4. Add the chopped carrots and cabbage, and continue to cook on high heat. Reduce the heat once the cabbage and carrots have softened.

5. In a separate medium sized pot, add the vegetable broth, oyster sauce, and soy sauce. Heat on medium.

6. Once the sauce mixture is boiling, add the noodles. Cook the noodles for 5-8 minutes, or until they are soft.

7. Add the noodles to the vegetable mixture. Turn up the heat to high, and fry for about 8-10 minutes, frequently stirring the noodles.

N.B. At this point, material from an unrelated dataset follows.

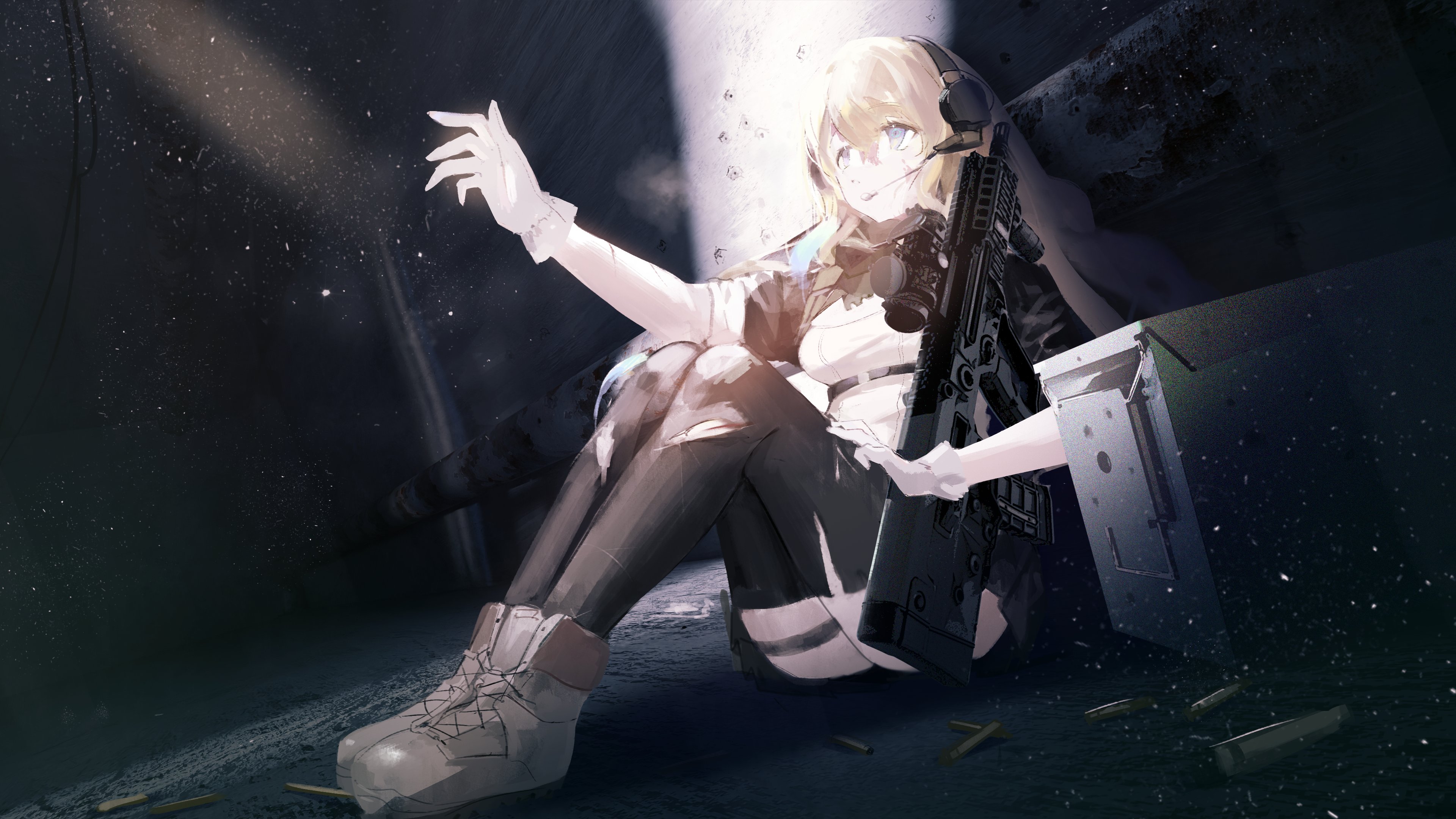 1girl 5.56x45mm_nato absurdres ammunition assault_rifle bandana black_thighhighs blonde_hair blue_eyes boots bullpup carbine carbine_cartridge commentary commission dmr_cartridge dori_(artist) english_commentary full_body gloves gradient_hair grey_boots gun headset highres indie_virtual_youtuber intermediate_cartridge iwi_tavor iwi_x95 lace-up_boots lmg_cartridge multicolored_hair rifle rifle_cartridge second-party_source shell_casing sitting solo thighhighs virtual_youtuber weapon weapon_request zeta_(vtuber) zeta_(1st_costume)_(vtuber)

8. Remove heat, and let the pancit sit for a few minutes. Serve when ready!

 

 

Voracious Vegan: Tofu 101: Three Recipes to Get You Started

Tofu has a bad rap for being a flavorless, almost alien-like vegetarian food–but it’s so much more! Tofu, also known as bean curd when used in Chinese cuisine, is made from soy milk that is fermented and pressed into small, white cubes that come in a variety of textures–extra firm, firm, soft, and silken. Tofu isn’t overly processed, but always try to buy non-GMO and organic (pro-tip: you can easily find it at Trader Joe’s)! Because it doesn’t have much of a flavor on its own, it is often marinated or sautéed with a variety of spices. Tofu can seem pretty intimidating at first, but it’s so versatile and easy to make once you learn how. Here are three of my favorite tofu recipes to get you going! Once you get the hang of it, try testing our your own recipe with different spices and seasonings.

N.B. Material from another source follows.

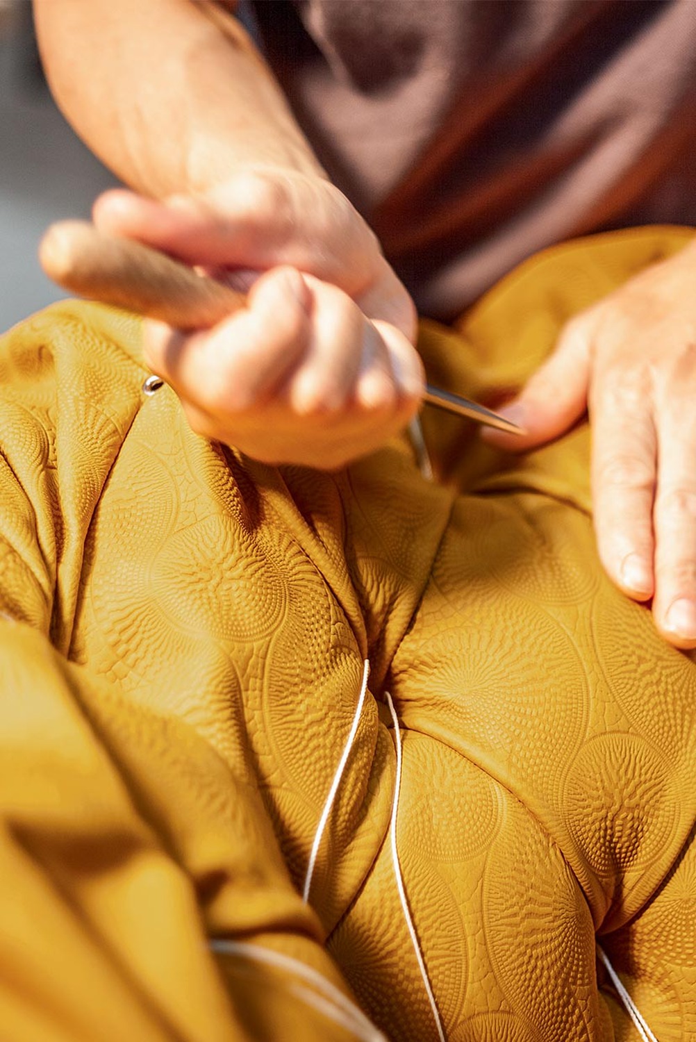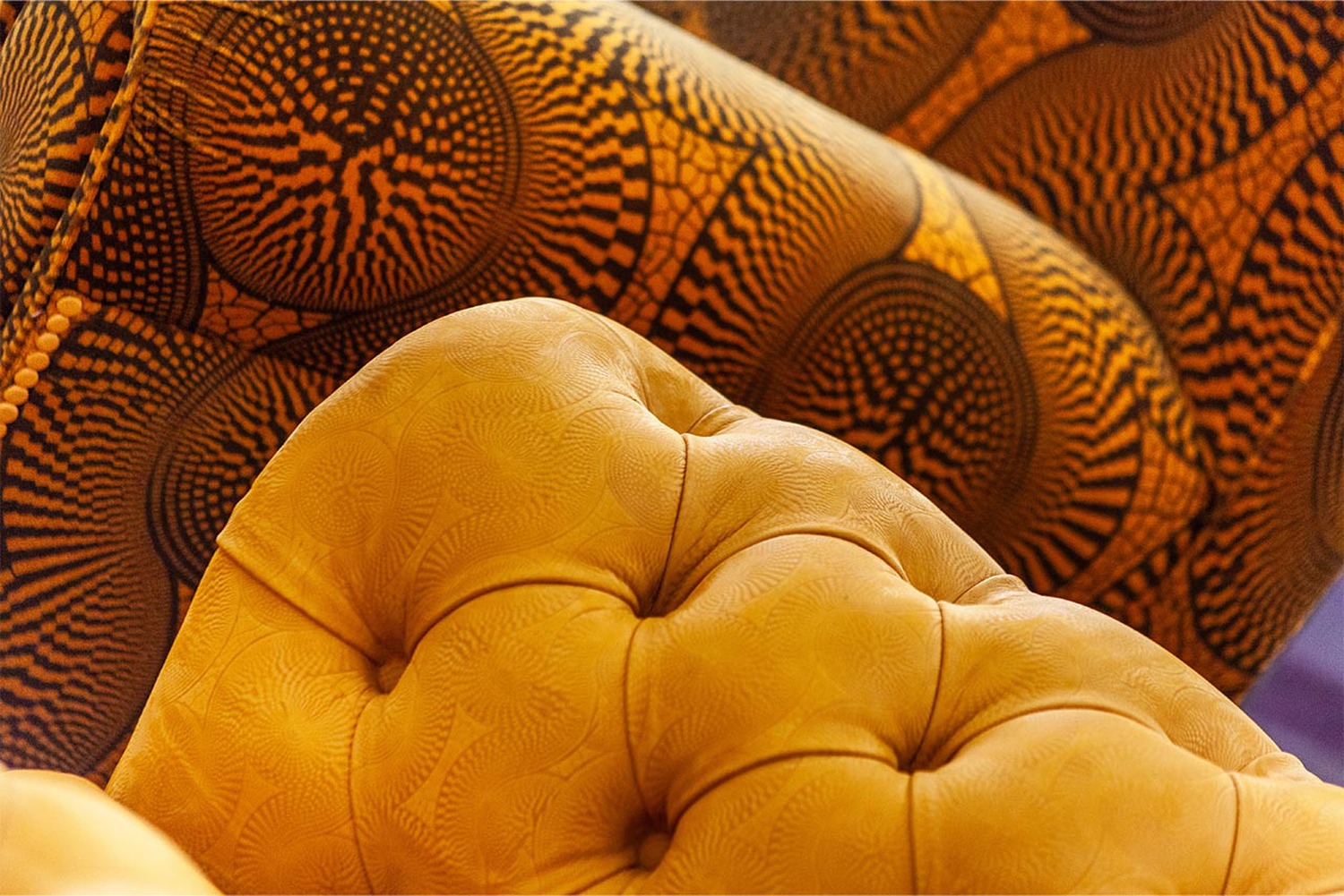 A new perspective in nubuck leather processing: the complex hand-embossing results in a highly textured and three-dimensional effect, enhanced by Boateng's choice of vibrant colors, specifically developed with Poltrona Frau to express the joy and energy of African culture with a contemporary twist.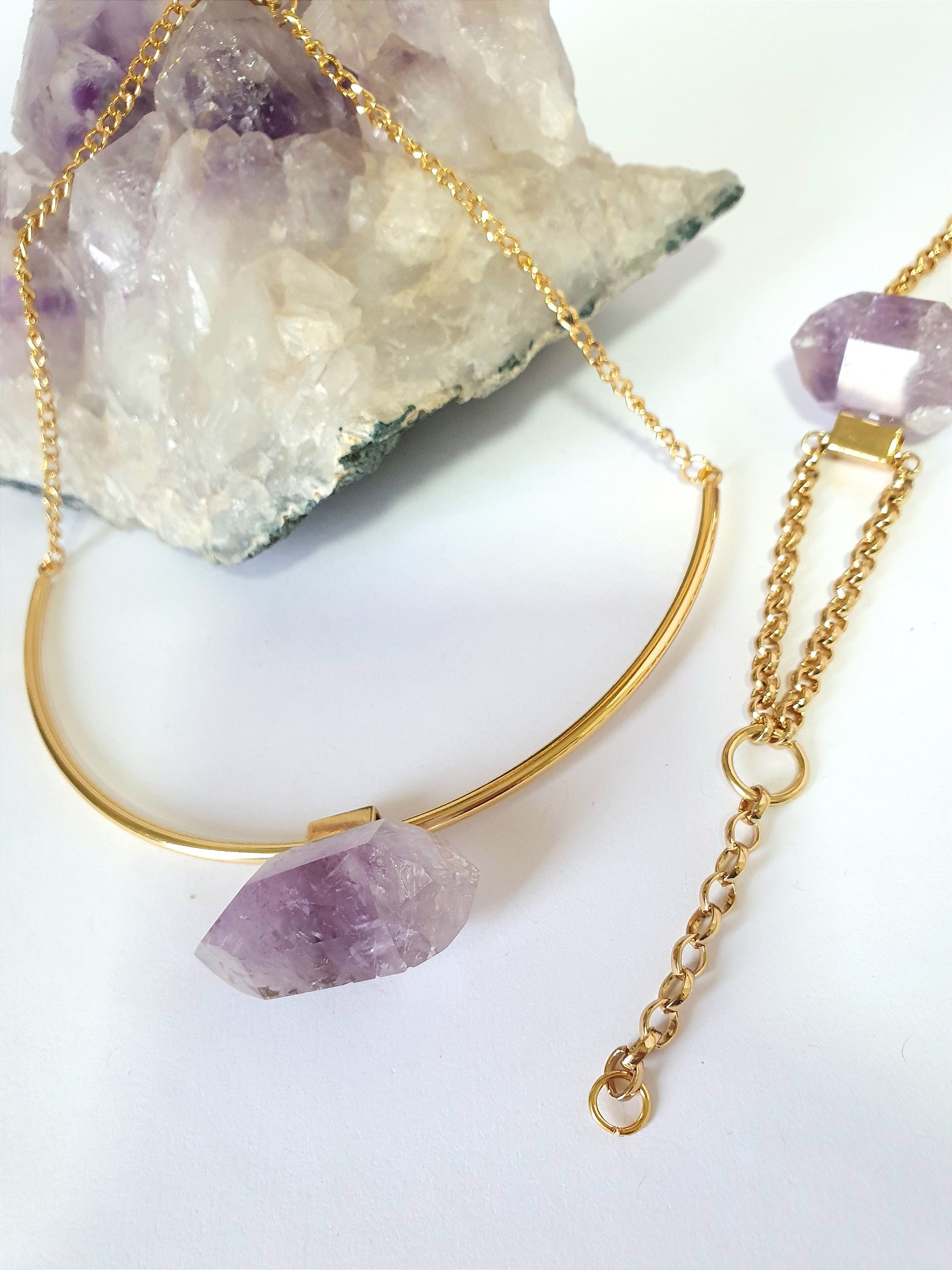 Conjunto contendo colar modelo alvorada com Ametista biterminada e pulseira ametista biterminada.

1. Basic Baked Tofu (4 servings)

This is the tofu I grew up with. Simple, savory, and not too much prep. If you’re a newbie to tofu, this is your starting point. Ingredients: 1 block extra firm tofu, 2 tbsp Tamari or soy sauce of choice, juice of 1 lemon, 1 tsp sage, and 2 cups water

Directions: Set oven to “broil.” Slice tofu into rectangles, approximately 1/4 inch each. Lay out slices on a baking sheet and place in oven for 10 minutes, until tofu browns. Flip each piece and broil for another 10 minutes. In a Tupperware container (or a tall plastic container from takeout), combine lemon juice, Tamari, and sage. Place tofu slices, stacked, in the container and pour 2 cups of water over them. They should be completely submerged. Marinate for 1 hour. Set oven to 350 degrees and bake tofu for 5 minutes, until warm. Serve.

2. Scrambled Tofu with Spinach and Mushrooms (1 big serving or 2 moderate servings)

Having trouble giving up your morning eggs? This breakfast tofu will make you forget all about them. Silken tofu gives these faux huevos a soft texture and turmeric gives them the yellow coloring that may just make you forget that what you’re eating is completely vegan.Ingredients: oil of choice (I went for grapeseed), 1 package silken tofu, 2 handfuls spinach, 1 cup chopped mushrooms, 1/4 tsp turmeric, sprinkle himalayan salt, sprinkle nutritional yeast, pepper

Directions: Heat oil in a pan, letting it spread out evenly. Chop mushrooms and sauté until tender, about 3-4 minutes. Gently crumble the tofu into large chunks. You don’t want them to be too small, because they will break apart further as you cook them. Add tofu to pan, stirring occasionally. Add spices and nutritional yeast. Once becomes a bit more composed (think scrambled egg texture), add the spinach. Allow the spinach to wilt, stirring frequently. Serve.

3. Maple-Cider Seared Tofu (serves 4)

This tofu is my most recent soy creation. Using seasonal maple syrup and farmers’ market apple cider, I whipped up this delightfully autumnal protein source.Ingredients: 1 block firm or extra firm tofu, oil of choice, 1/4 cup apple cider, 2 tbsp maple syrup, 2 tsp apple cider vinegar, 1 tsp Tamari or soy sauce of choice, 1/8 tsp ginger,

Directions: Press your tofu for at least 30 minutes or longer to get as much water out as possible. Heat oil in a skillet. Slice tofu into rectangles that are about 1/4 inch thick. Place slices (as many that fit) in the pan and allow to brown, flipping so that each side is browned. Apple cider, maple syrup, apple cider vinegar, Tamari, and ginger. Once all slices of tofu are seared, add them back to the pan and pour the cider mixture over them. Allow the mixture to bubble and flip the slices a few times to ensure they are wholly covered. Repeat with all the slices and serve.

Try out these recipes and you’ll be a tofu expert in no time!